The Outsider Appendix (Part I)

This is an appendix to "The Outsider." It, too, is "written" by Tedmund Arlen Shinarook.

To read the original poem, click here here.

NOTES

Much of the prophecy, as well as some anecdotes and personal remembrances in the poem were adapted from Professor Charles P. Gainsworth III’s book on Stone Creek municipal history: Stone Creek: Present Iniquity and Future Doom. Incidentally, while I do not recommend trying to read it in one sitting, Professor Gainsworth’s work illuminates brilliantly many of my themes; and his volumes resonate (in the tradition of Gibbons and Trevelyan) with the peculiar energy that makes the citizenry of Stone Creek do as they do. There is another book that has had a profound influence on my outlook, as this poem clearly reveals; On the Heights of Despair; I drew particular inspiration from the essays On Death, On Sadness, and Capitulation. No one familiar with Cioran’s oeuvre will misapprehend my choices regarding references or anything else.

I. QUADRIVIUM

Line 5 Cf. “September,” Earth, Wind and Fire.

20. Cf. Matthew 11:28.

31. Cf. The Consul, II. i.

40. Id. II. i.

41. I of course am referring here to the seven liberal arts of the medieval Western university, whose manifestations have been adopted for my own purposes. Music, strangely one of the sciences back then, would have been characterized in the following fashion: a woman in a robe with twinkling discs at the head of music-makers, a procession of poets, musicians, goddesses, and the daughters of Zeus, the three Graces Aglaia (brilliance), Euphrosyne (Joy) and Thalia (Bloom). Geometry and Rhetoric were accompanied by Pythagoras and Cicero respectively; Arithmetic is portrayed traditionally, but Grammar and Dialectic had many more accessories than were mentioned here. Astronomy of the golden wings (who has much in common with Urania in Part IV) is crucial, Mistress Thomas insists, to any understanding of the future.
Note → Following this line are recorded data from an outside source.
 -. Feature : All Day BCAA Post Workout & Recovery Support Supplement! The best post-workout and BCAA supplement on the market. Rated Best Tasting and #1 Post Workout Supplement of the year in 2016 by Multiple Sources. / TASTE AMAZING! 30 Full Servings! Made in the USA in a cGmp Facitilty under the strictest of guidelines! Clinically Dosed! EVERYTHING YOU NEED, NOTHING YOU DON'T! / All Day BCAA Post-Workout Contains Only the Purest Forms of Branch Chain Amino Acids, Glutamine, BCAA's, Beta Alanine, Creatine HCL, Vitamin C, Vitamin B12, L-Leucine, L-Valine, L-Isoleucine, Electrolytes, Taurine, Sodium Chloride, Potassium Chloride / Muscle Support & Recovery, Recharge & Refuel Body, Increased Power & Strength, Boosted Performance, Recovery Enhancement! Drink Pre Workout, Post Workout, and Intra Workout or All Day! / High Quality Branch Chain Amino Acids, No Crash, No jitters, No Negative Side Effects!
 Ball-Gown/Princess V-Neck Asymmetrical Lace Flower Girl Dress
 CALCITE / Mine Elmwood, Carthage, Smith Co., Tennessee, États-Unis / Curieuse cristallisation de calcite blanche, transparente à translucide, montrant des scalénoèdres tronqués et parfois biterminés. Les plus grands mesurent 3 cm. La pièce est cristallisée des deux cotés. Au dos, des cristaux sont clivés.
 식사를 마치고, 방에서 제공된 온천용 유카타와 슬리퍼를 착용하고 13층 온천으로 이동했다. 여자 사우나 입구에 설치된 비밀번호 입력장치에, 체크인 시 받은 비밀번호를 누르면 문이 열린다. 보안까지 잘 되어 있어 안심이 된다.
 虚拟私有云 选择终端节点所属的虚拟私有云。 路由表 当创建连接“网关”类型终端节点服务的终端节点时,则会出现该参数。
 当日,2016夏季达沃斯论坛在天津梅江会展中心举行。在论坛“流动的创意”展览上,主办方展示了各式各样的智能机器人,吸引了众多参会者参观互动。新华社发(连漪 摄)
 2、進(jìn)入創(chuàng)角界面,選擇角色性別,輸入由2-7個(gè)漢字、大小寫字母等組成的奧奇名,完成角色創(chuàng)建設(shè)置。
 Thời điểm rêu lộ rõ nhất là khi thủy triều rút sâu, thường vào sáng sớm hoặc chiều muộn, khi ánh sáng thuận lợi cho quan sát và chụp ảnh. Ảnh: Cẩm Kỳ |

58. Verlaine, Mon Rêve Familier, Poèmes Saturniens, VI.
Je fais souvent ce rêve étrange et pénétrant
D’une femme inconnue, et que j’aime, et qui m’aime
Et qui n’est, chaque fois, ni tout à fait la même
Ni tout à fait une autre, et m’aime et me comprend.

72. Ionesco, Rhinoceros, III, Dudard.

74. Verlaine, Sagesse, Livre I, vii.